[Stored data]
.....
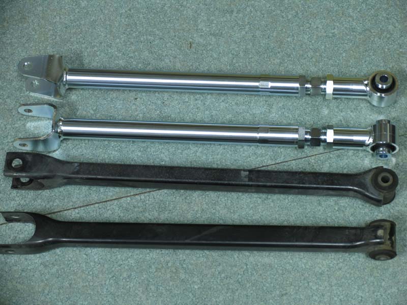 リアキャンバーとトー角を適正値にするため、iEXERTアジャスタブルリアコントロールアームに交換です。リアのコントロールアームは左右上下計4本使用していますが、今回は4本をすべて交換して調整です。調整式アームを4本使用することでキャンバー角とトー角を個別に調整することが可能となっています。車高ダウンによるリアのネガティブキャンバーでお悩みの方にお勧めです!
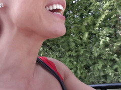 Extreme sports babe Franceska Jaimes sucking dick outside
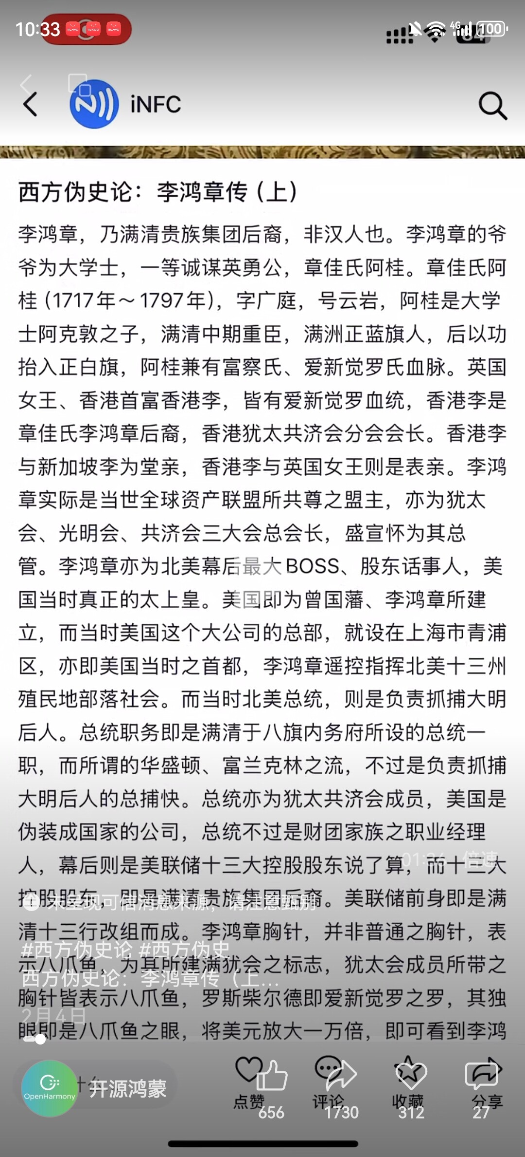看似虚构史学家,实则给鸿蒙招黑( 总的来说是在玩抽象
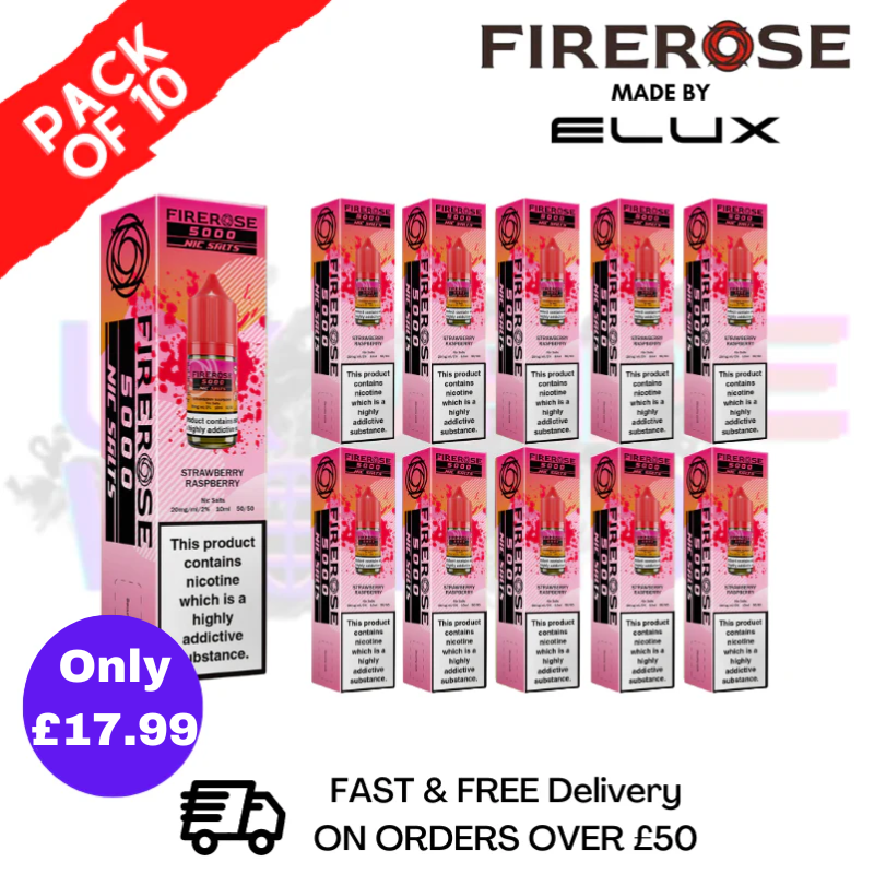 Firerose 5000 Nic Salt Box Of 10 by Elux offers an enhanced vaping experience with its new 10ml Nicotine Salt bottles, designed for convenience and longevity.
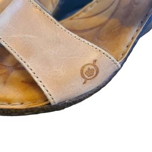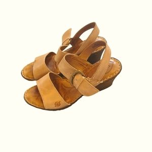Born Boulder Leather Cork Wedge Sandal Tan Size 9 women's Shoe
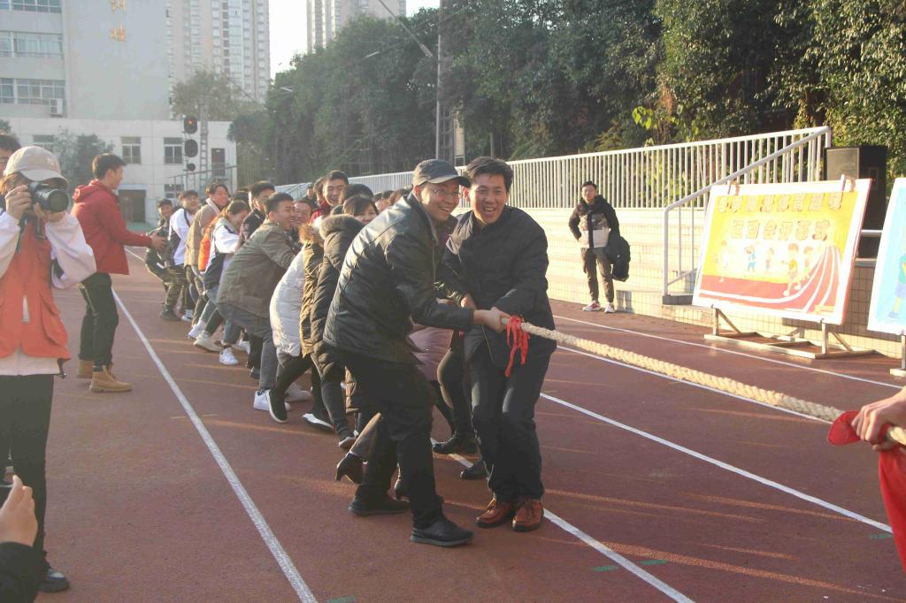 物流管理1903班和铁道运营1905班率先打响拔河比赛的对决,双方队员竭尽全力,均想用最足的力气为班级争光添彩。现场气氛热烈,同学们的呐喊声此起彼伏。最终物流管理1903班取得胜利。老师们也参与到比赛中来,和获胜方展开友谊赛。他们一改平日里的温文尔雅,在赛场上势如猛虎,毫不逊色,经过激烈的比拼最终取得了胜利。
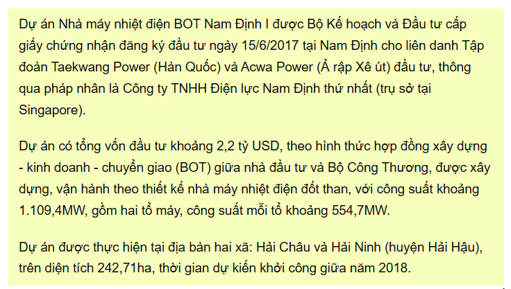 Trước đó, vào tháng 7/2024, Taekwang Group đề nghị ký bộ hợp đồng dự án BOT Nhà máy nhiệt điện Nam Định 1. Thế nhưng, theo Cục Điện lực, cơ sở này của Taekwang Group là chưa có cơ sở.
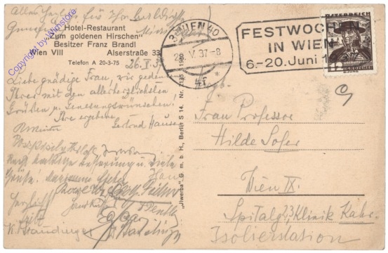Wien 8, Hotel-Restaurant „zum goldenen Hirschen“
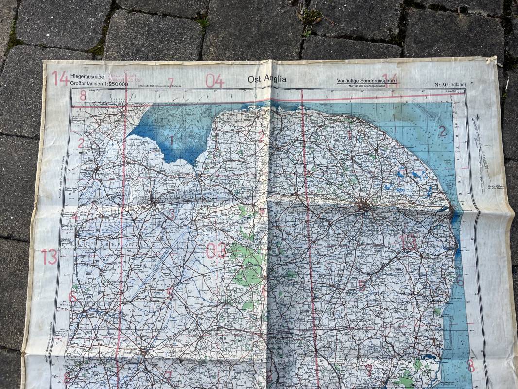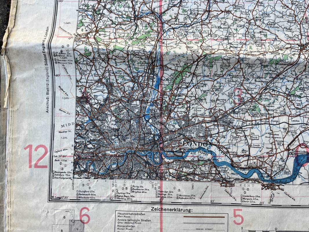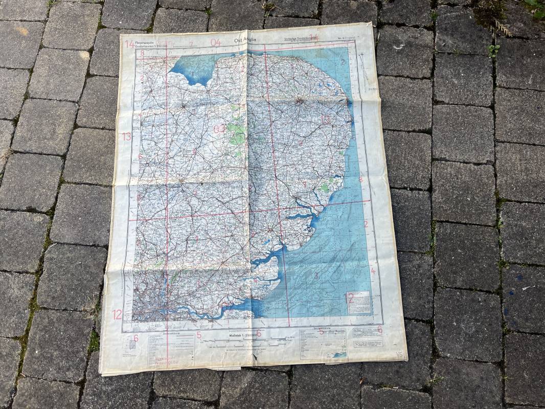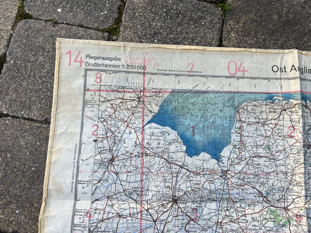 Rare carte de vol d'un navigant de la Luftwaffe . Carte en toile plastifiée dimensions 860X680 mm . Ost Anglia ' Angleterre EST . Secteur nord ouest de Londres . Beles couleurs . Utilisé en bel état . Ref 19023
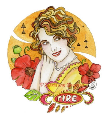 Four Elements - Fire by Maria Van Bruggen 8"x10" Ceramic Art Tile with recessed hangers for tabletop or wall hanging purposes
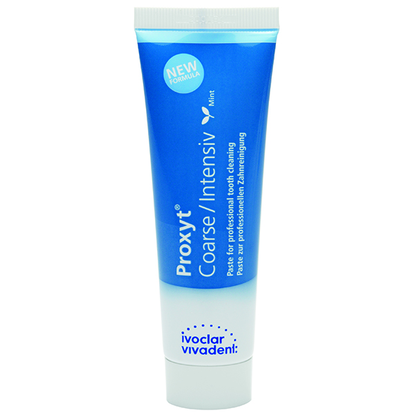 La pasta Proxyt se utilizan para la limpieza y pulido de los dientes de forma profesional.Abrasión de grado grueso.La pasta contienen flúor y xilitol y tienen un agradable sabor a menta.
.....
--- INSTRUCTIONS TO FOLLOW ---
Starting at the line above that holds "Firerose 5000 Nic", return each line up to and including the one that holds "物流管理1903班和铁道运营", exactly as written, minus any pictures.

--- ANSWER TO THIS PROBLEM ---
 Firerose 5000 Nic Salt Box Of 10 by Elux offers an enhanced vaping experience with its new 10ml Nicotine Salt bottles, designed for convenience and longevity.
Born Boulder Leather Cork Wedge Sandal Tan Size 9 women's Shoe
 物流管理1903班和铁道运营1905班率先打响拔河比赛的对决,双方队员竭尽全力,均想用最足的力气为班级争光添彩。现场气氛热烈,同学们的呐喊声此起彼伏。最终物流管理1903班取得胜利。老师们也参与到比赛中来,和获胜方展开友谊赛。他们一改平日里的温文尔雅,在赛场上势如猛虎,毫不逊色,经过激烈的比拼最终取得了胜利。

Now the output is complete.